Smoke signals originated in ancient Greece, developed by a historian, Polybius, who created an alphabetical code that was transposed to numbers which could be translated into signals such as smoke signals. This particular code was knows as the Polybius square and was later used by the Japanese and the Germans in times of war. The Chinese also used smoke signals along the Great Wall of China, and this was one of the very purposes of the wall. Signals could travel from station to station along the wall.

Smoke signals are made by creating a fire and then using a blanket or cover to create puffs of smoke or designs in the smoke to relay certain messages to other tribesman who are a distance away. The messages are not complex, but they are usually specific to each tribe so that an enemy will not be able to interpret the message. There were, however, some standard messages, known to most tribes: one puff would mean "attention;" two puffs, "all's well"; and three puffs "danger." Smoke could be manipulated into spirals, circles, zigzags, and parallel lines, and the color of the smoke could even be changed somewhat by the wood that is burnt.

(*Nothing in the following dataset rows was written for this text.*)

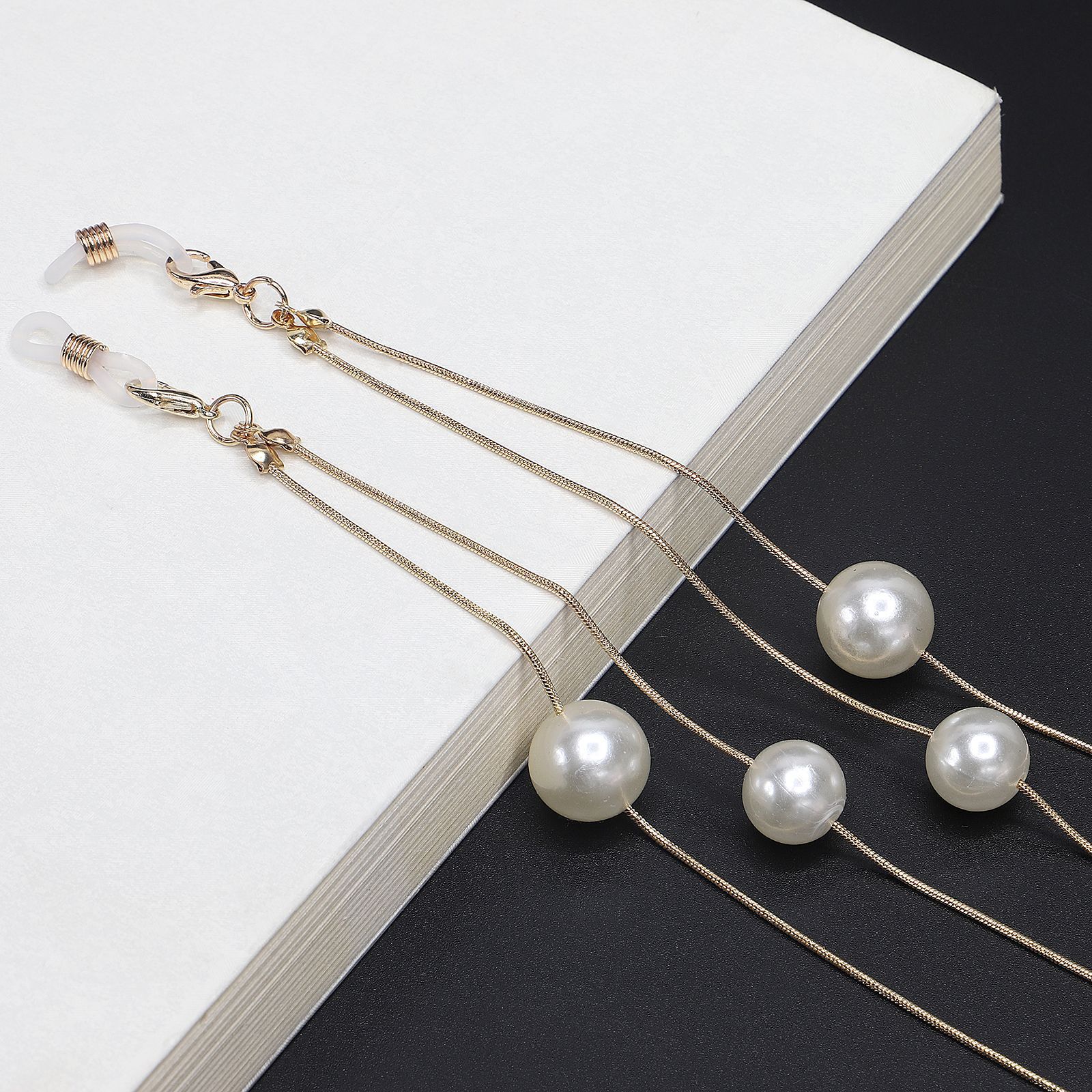 Metal non-slip chain, with black and white pearl, for glasses and masks GL441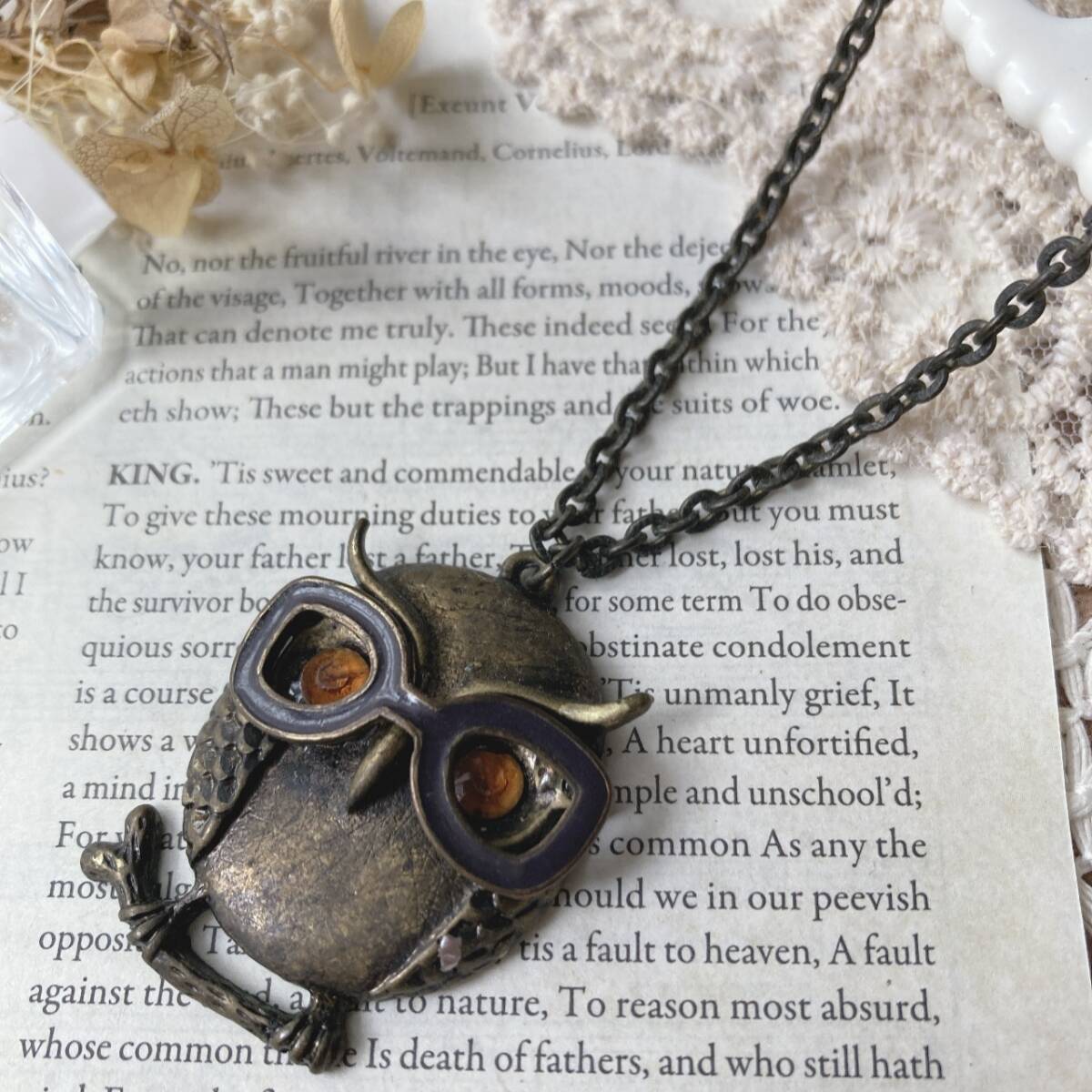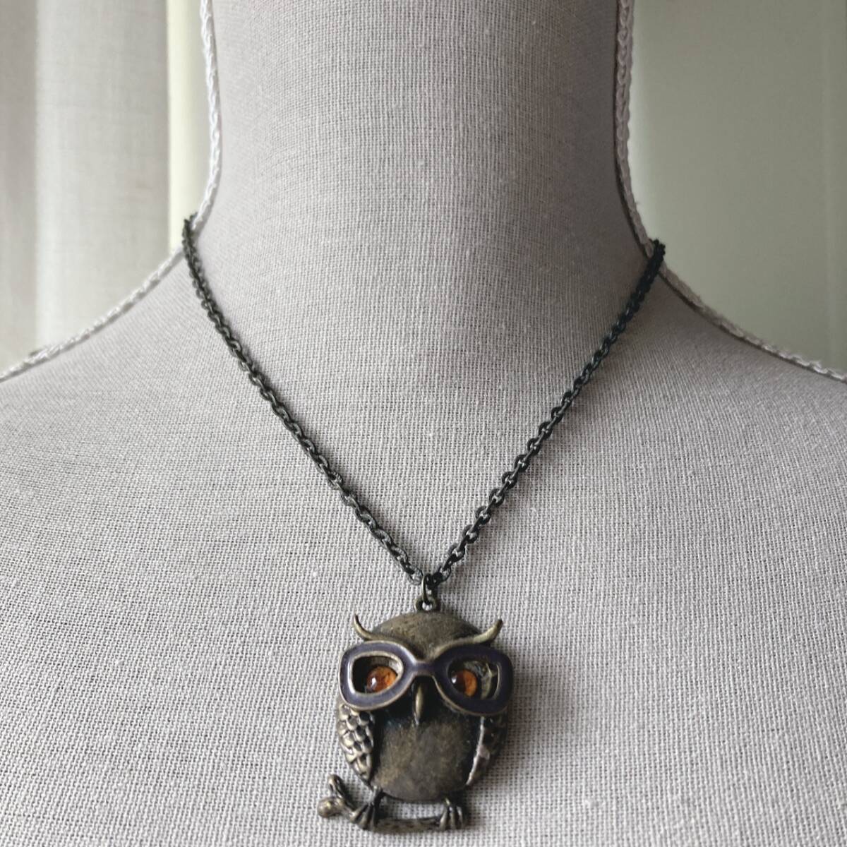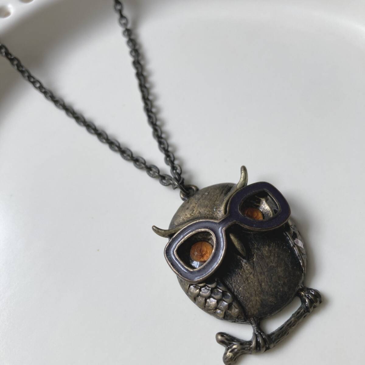 アンティーク調ネックレス ふくろう ペンダント 金古美 ガラス メガネ 美品 クレアーズclaire's☆vintage jewelry accessoriesR0803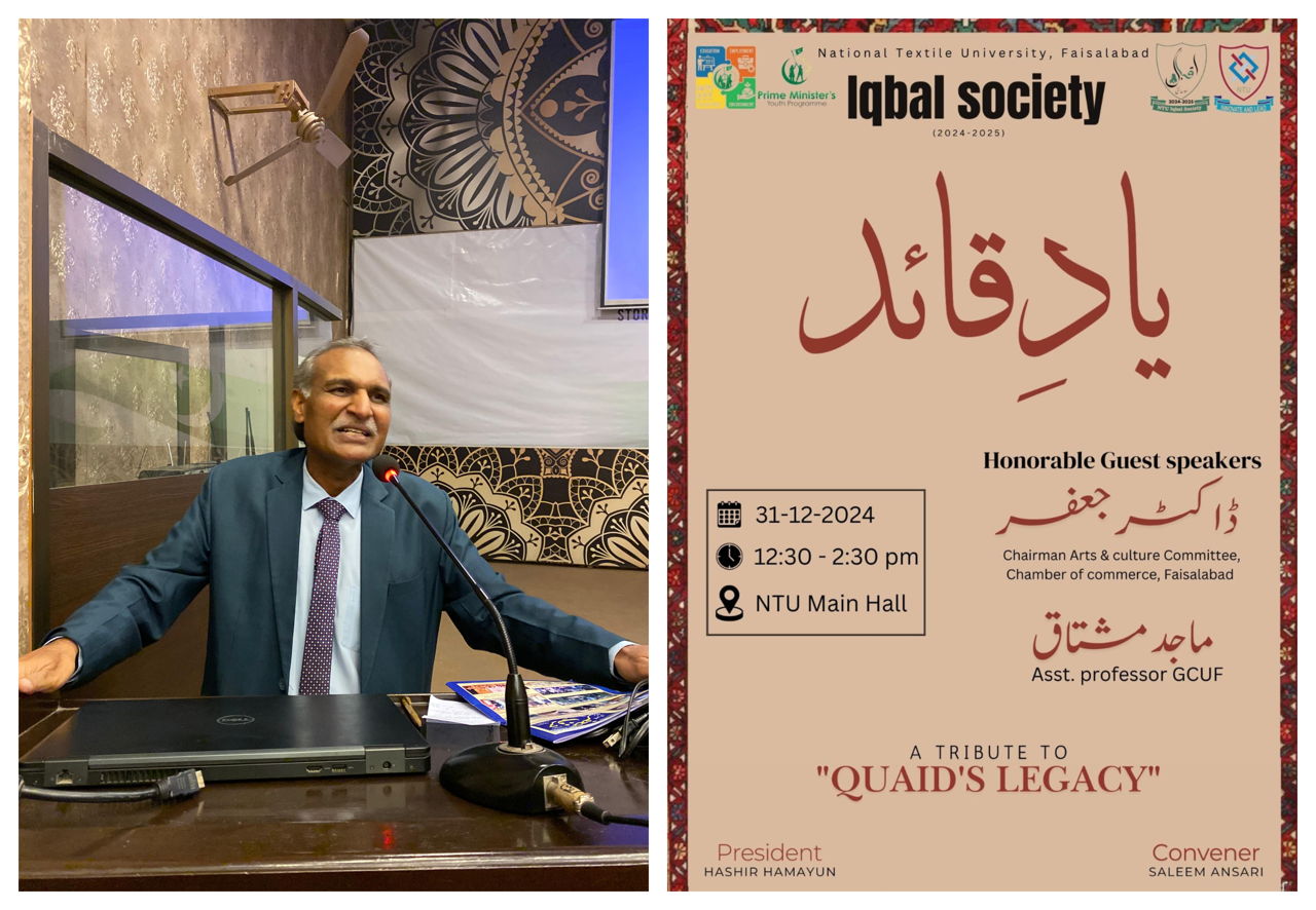 The NTU-YDC Iqbal Society organized a thought-provoking event, "Yaad-e-Quaid," to honour the enduring vision and principles of Quaid-e-Azam Muhammad Ali Jinnah. Held on Tuesday, December 31, 2024, the event brought together an enthusiastic audience and distinguished speakers, including Dr. Jaffer Siddique Writer, Poet and Convener of the Arts & Culture Society of FCCI and Dr. Majid Mushtaq Asst. Professor GCU (Urdu Department), shared their insights on Quaid's legacy.

To aid in the transmission of a message over long distances, tribes would set up stations where fires could be built. These fire bowls were placed on hilltops where they could be easily seen, and a tribesman could send a message to one hilltop where another tribesman would see the message and build a fire to send a message to another hilltop, and so on. This could be used to warn of impending danger to the tribe or to gather a tribe together for a meeting. The fire bowls were designed to accommodate leaves and branches specific to that which were going to be burned and were lined with rocks and stones.

There is no indication as to when or why Native Americans stopped using smoke signals as a form of communication. It probably was phased out with the settlement of the Europeans and their written forms of communication. Today, though, the Boy Scouts of America continue to study and use smoke signals as a form of emergency communication when lost in the woods or in trouble. The signal is three puffs of smoke that hopefully would be able to be seen by his troop members from far away.